* _Exercise brief_
Beginning with the line that contains "משם אנחנו עוברים" and ending with the line that contains "[¹Ìµð¾îÀü³² ±èÁ¤¿ì ±âÀÚ]´ëÈ¿Í", reproduce the lines of the entries below exactly, omitting pictures.

* _Dataset entries_
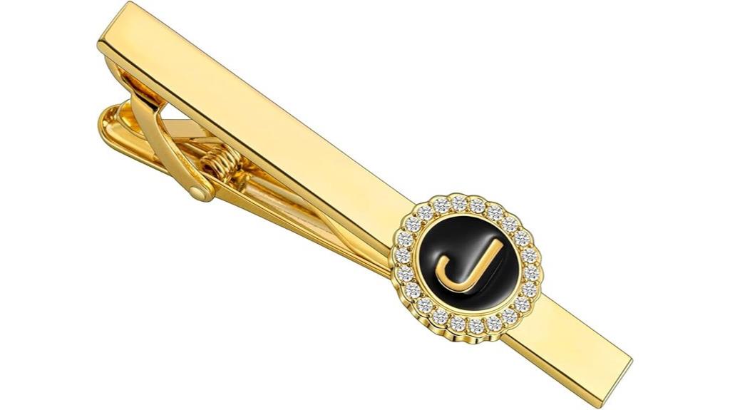For men who want a versatile and personalized accessory, the Tie Clips for Men, Black Gold Silver 2.1-inch Initial Alphabet Letter Tie Clip Bar Set is an excellent choice. These clips come in three elegant colors—gold, black, and silver—adding a unique letter element for customization. With a sturdy 2.1-inch design, they keep ties perfectly in place. Made from durable copper and electroplated steel, they resist corrosion and maintain a glossy finish. Their simple yet stylish look complements various outfits, making them suitable for everyday wear or special occasions. Plus, the personalized initials add a refined touch that boosts confidence and style.
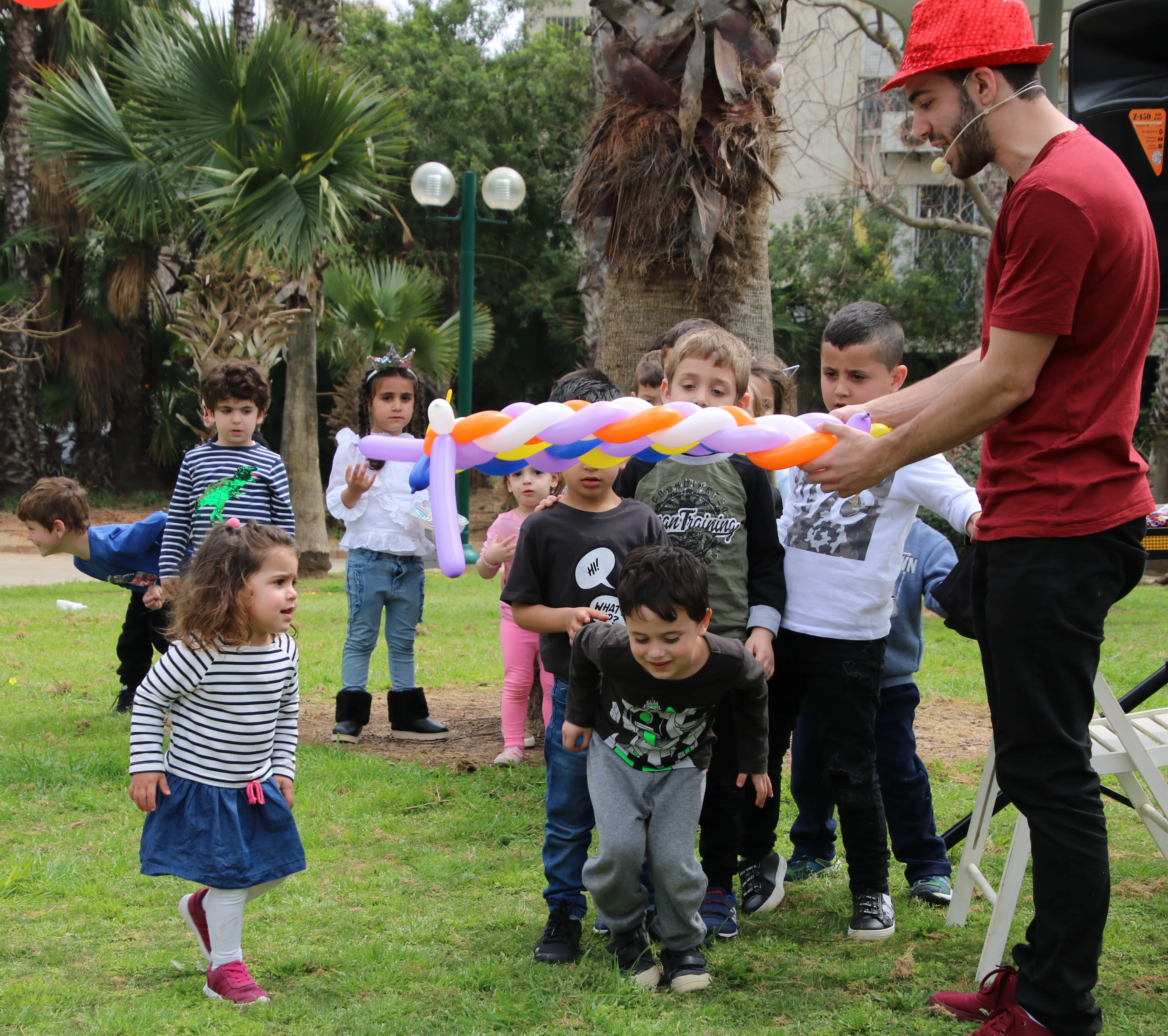 משם אנחנו עוברים למשחקים עם פוף שמרימים את כל הילדים על הרגליים, וכמובן...אי אפשר בלי טקס עוגה ובלונים.
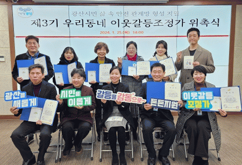 [¹Ìµð¾îÀü³² ±èÁ¤¿ì ±âÀÚ]´ëÈ¿Í ¼ÒÅëÀ» ÅëÇØ »ýȰ ¼Ó ´Ù¾çÇÑ ÀÌ¿ô°úÀÇ °¥µî ÇØ°áÀ» µ½´Â ±¤»ê±¸ ¡®¿ì¸®µ¿³× ÀÌ¿ô°¥µîÁ¶Á¤°¡¡¯°¡ ¿ÃÇØµµ Ȱ¾àÀ» ¿¹°íÇß´Ù. ±¤ÁÖ ±¤»ê±¸´Â 25ÀÏ ±¸Ã» 4Ãþ ¼ÒȸÀǽǿ¡¼ Á¦3±â ¿ì¸®µ¿³× ÀÌ¿ô°¥µîÁ¶Á¤°¡ À§ÃË¡¦
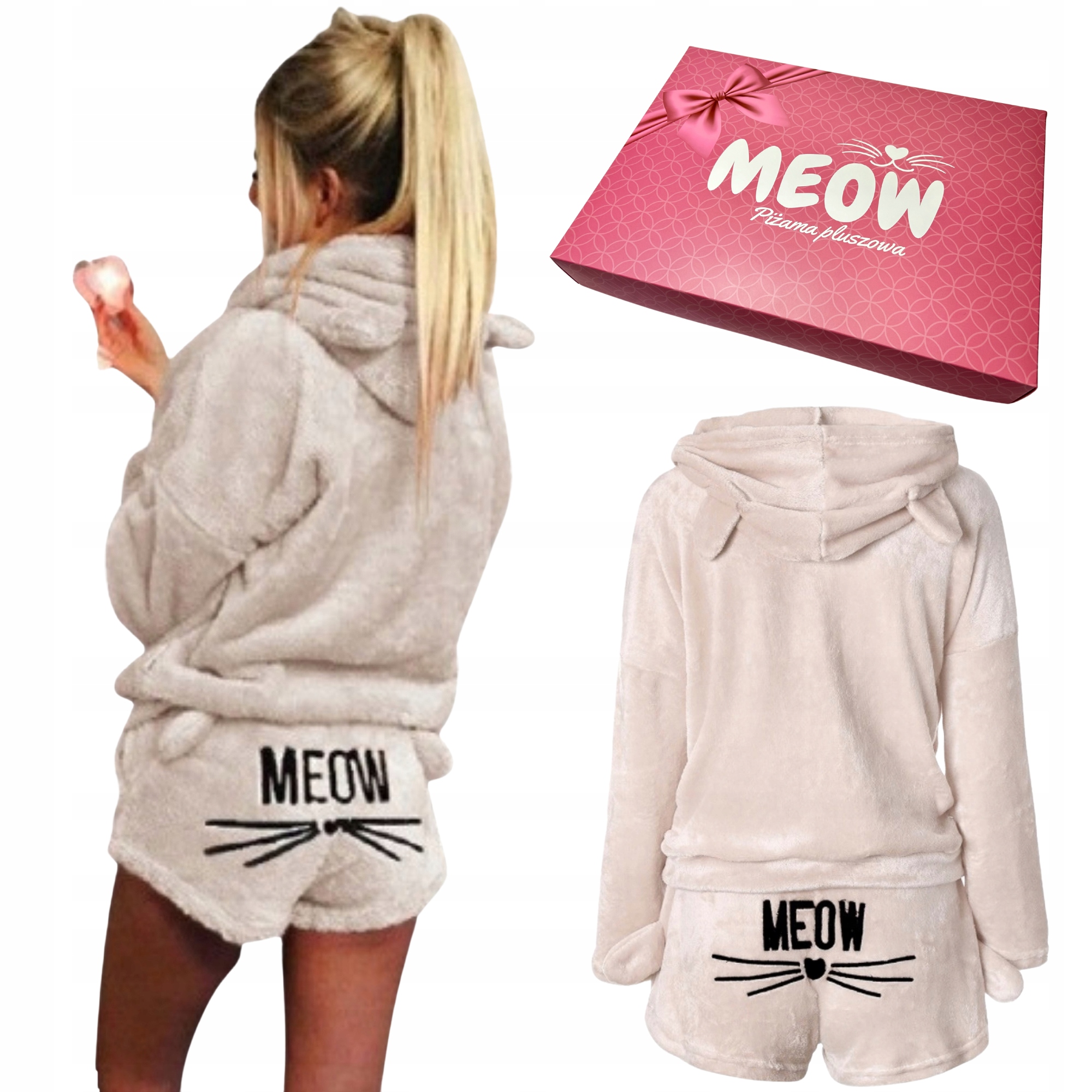 Удобный, пушистый комплект, состоящий из толстовки и шорт бежевого размера M б>. Пижама изготовлена из приятного на ощупь материала, который обнимет и согреет не только ночью, но и после ванны или в качестве домашней одежды. Пижама с милым кошачьим мотивом подарит вам незабываемые минуты релакса и тепла! Еще одним неоспоримым преимуществом нашей пижамы является ее удобство в ношении. Она не сковывает движений, поэтому вы будете чувствовать себя в ней чрезвычайно комфортно. Упаковано в красивую коробку, его можно подарить близкому человеку!
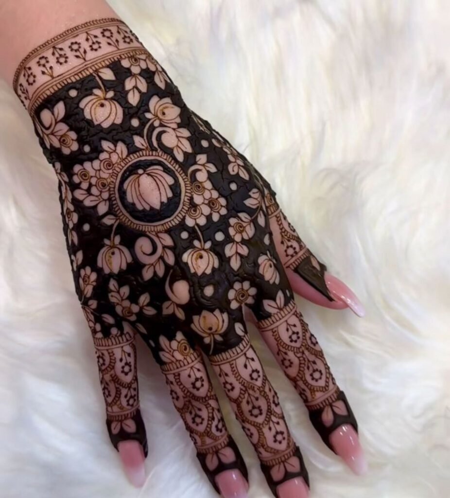 Imagine a lotus bloom whose petals are the color of your skin, framed by a dense henna field. On deeper skin tones especially, the contrast between natural pigment and darkened henna creates something genuinely striking. Motifs that work best in reverse: geometric shapes, crescent moons, five pointed stars, and simplified animal silhouettes.
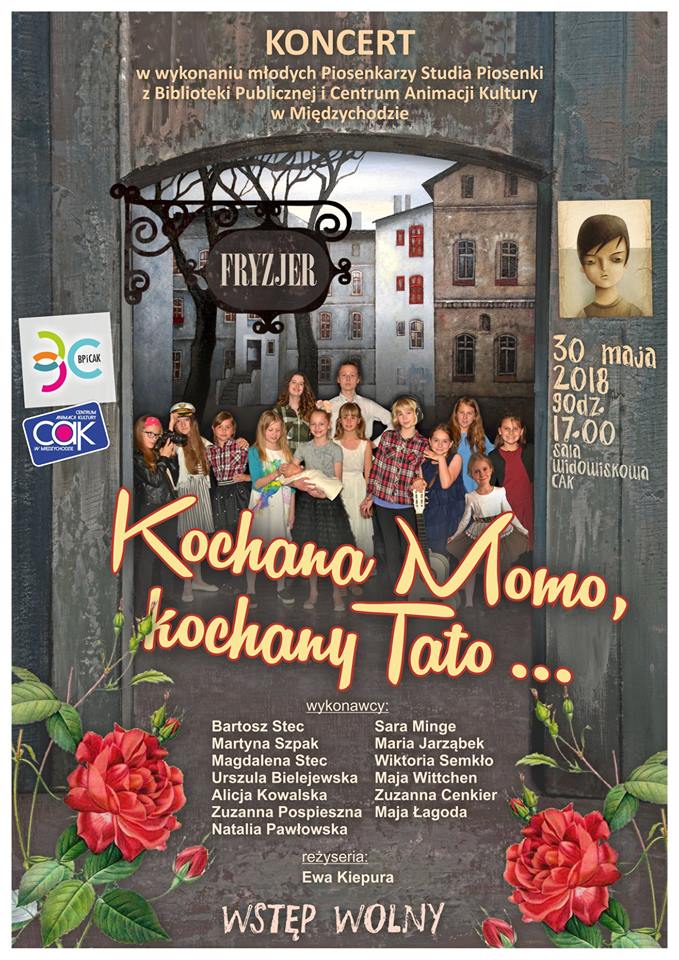 30 maja o godzinie 17:00 odbędzie się koncert w wykonaniu młodych Piosenkarzy Studia Piosenki z BPiCAK pt. "Kochana Mamo, kochany Tato..." w sali widowiskowej CAK.
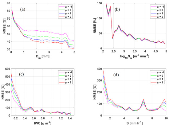 To assess the LUT method, measurements from the Ku- and Ka-band radars were used for retrieval, as shown in Figure 4. Dm had the smallest errors at µ = 2, and the errors of IWC, S, and Nw did not have large differences when the µ values were altered. Liao et al. [42] evaluated the performance of snow retrieval considering PSD models and scattering tables from the perspective of PSD measurements, and the relative errors in the estimates of IWC, S, Dm, and Nw were in the ranges of −40% to 70%, −50% to 40%, −30% to 50%, and −100% to 1000%, respectively. Although the errors of the results are still high in Figure 4, this is the first attempt to use a dual-frequency radar to retrieve microphysical snowfall parameters. The previous studies about retrieving microphysical parameters did not use measurements from a dual-frequency radar for retrieval [39,42].
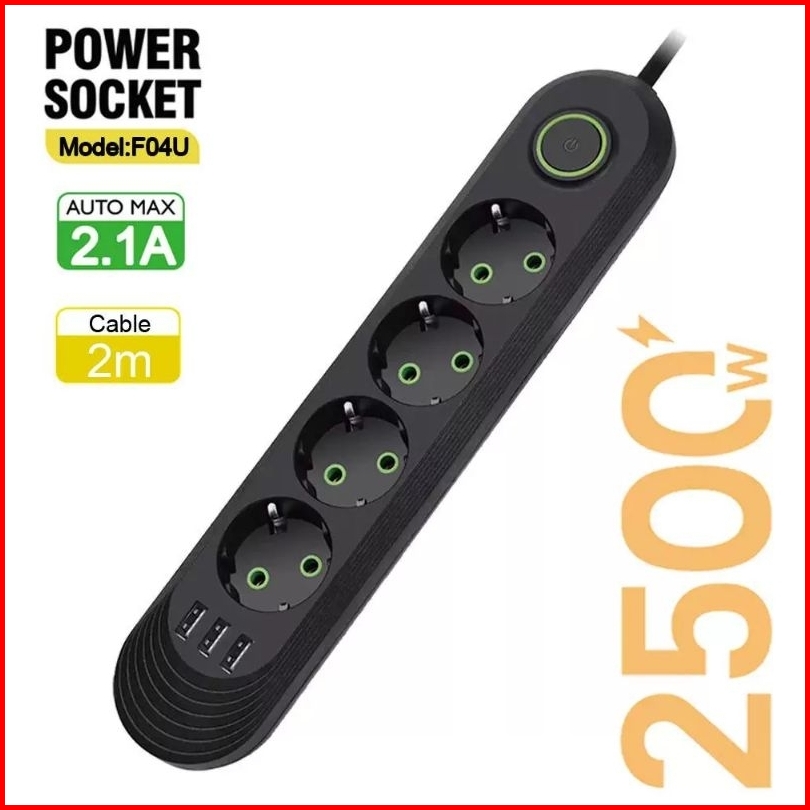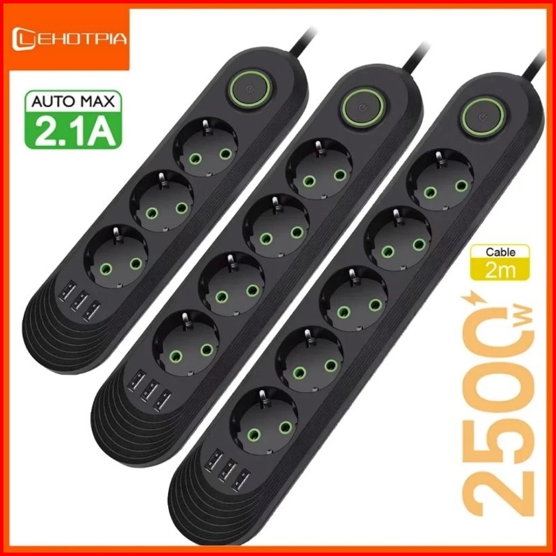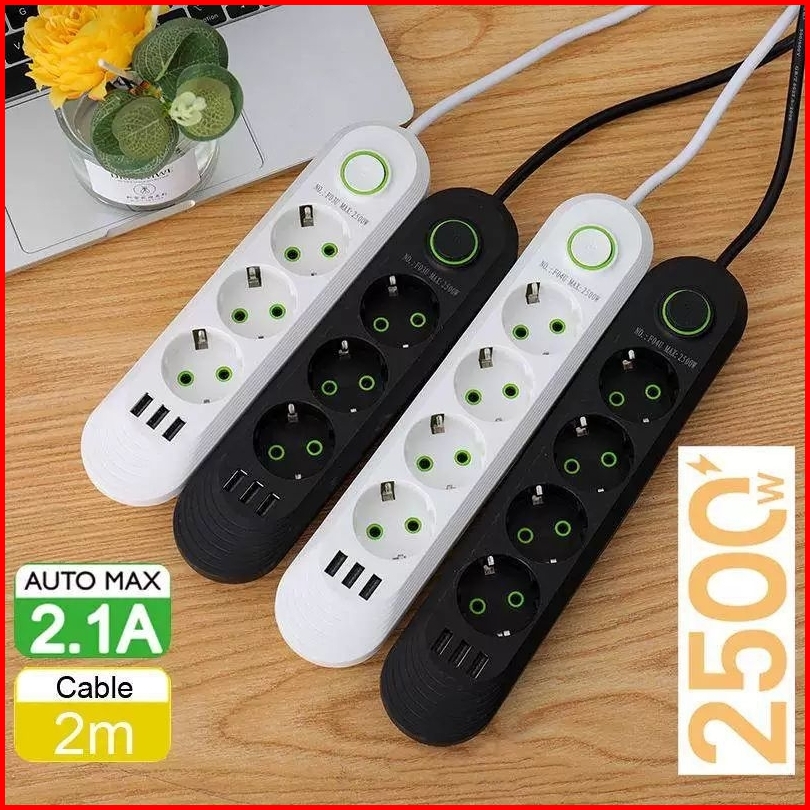 Aebrand Stop Kontak Usb 2500w 2 Meter Power Socket Charger Stop Kontak 3 4 Lubang 3 Usb Soket Listrik - Terminal Colokan
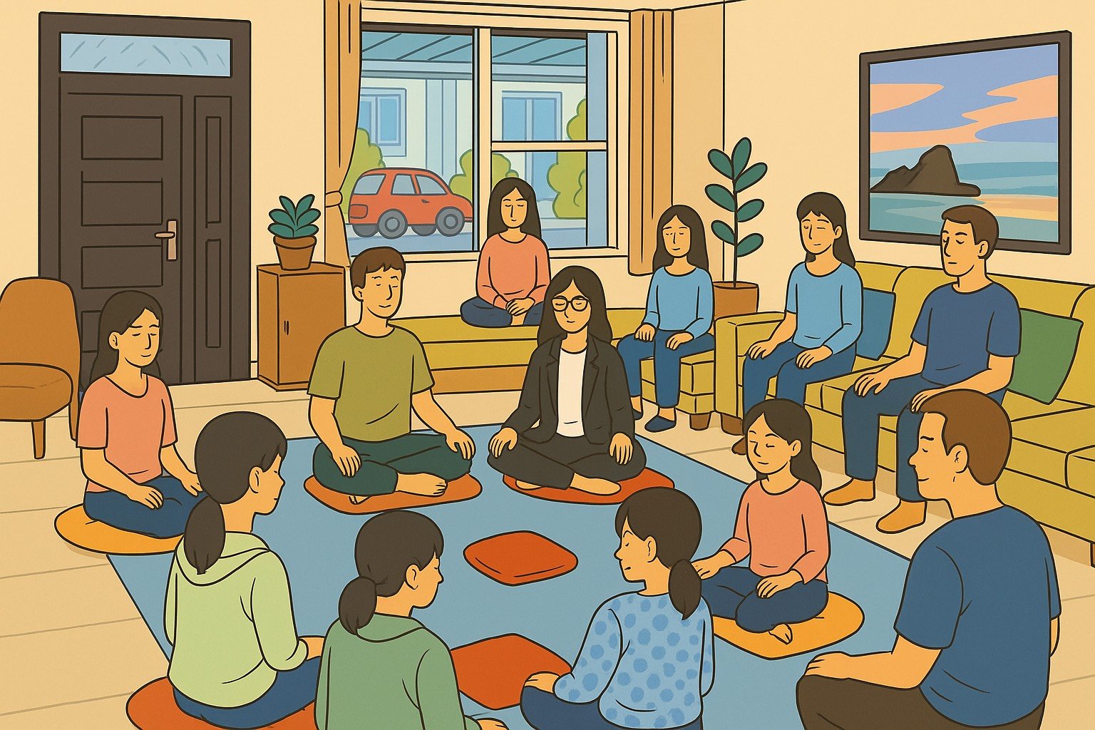 What to bring: Water bottle. Chairs and floor cushions will be provided by the hosts, but participants are welcome to bring their own cushions and/or blankets.

* _Written response_
 משם אנחנו עוברים למשחקים עם פוף שמרימים את כל הילדים על הרגליים, וכמובן...אי אפשר בלי טקס עוגה ובלונים.
 [¹Ìµð¾îÀü³² ±èÁ¤¿ì ±âÀÚ]´ëÈ¿Í ¼ÒÅëÀ» ÅëÇØ »ýȰ ¼Ó ´Ù¾çÇÑ ÀÌ¿ô°úÀÇ °¥µî ÇØ°áÀ» µ½´Â ±¤»ê±¸ ¡®¿ì¸®µ¿³× ÀÌ¿ô°¥µîÁ¶Á¤°¡¡¯°¡ ¿ÃÇØµµ Ȱ¾àÀ» ¿¹°íÇß´Ù. ±¤ÁÖ ±¤»ê±¸´Â 25ÀÏ ±¸Ã» 4Ãþ ¼ÒȸÀǽǿ¡¼ Á¦3±â ¿ì¸®µ¿³× ÀÌ¿ô°¥µîÁ¶Á¤°¡ À§ÃË¡¦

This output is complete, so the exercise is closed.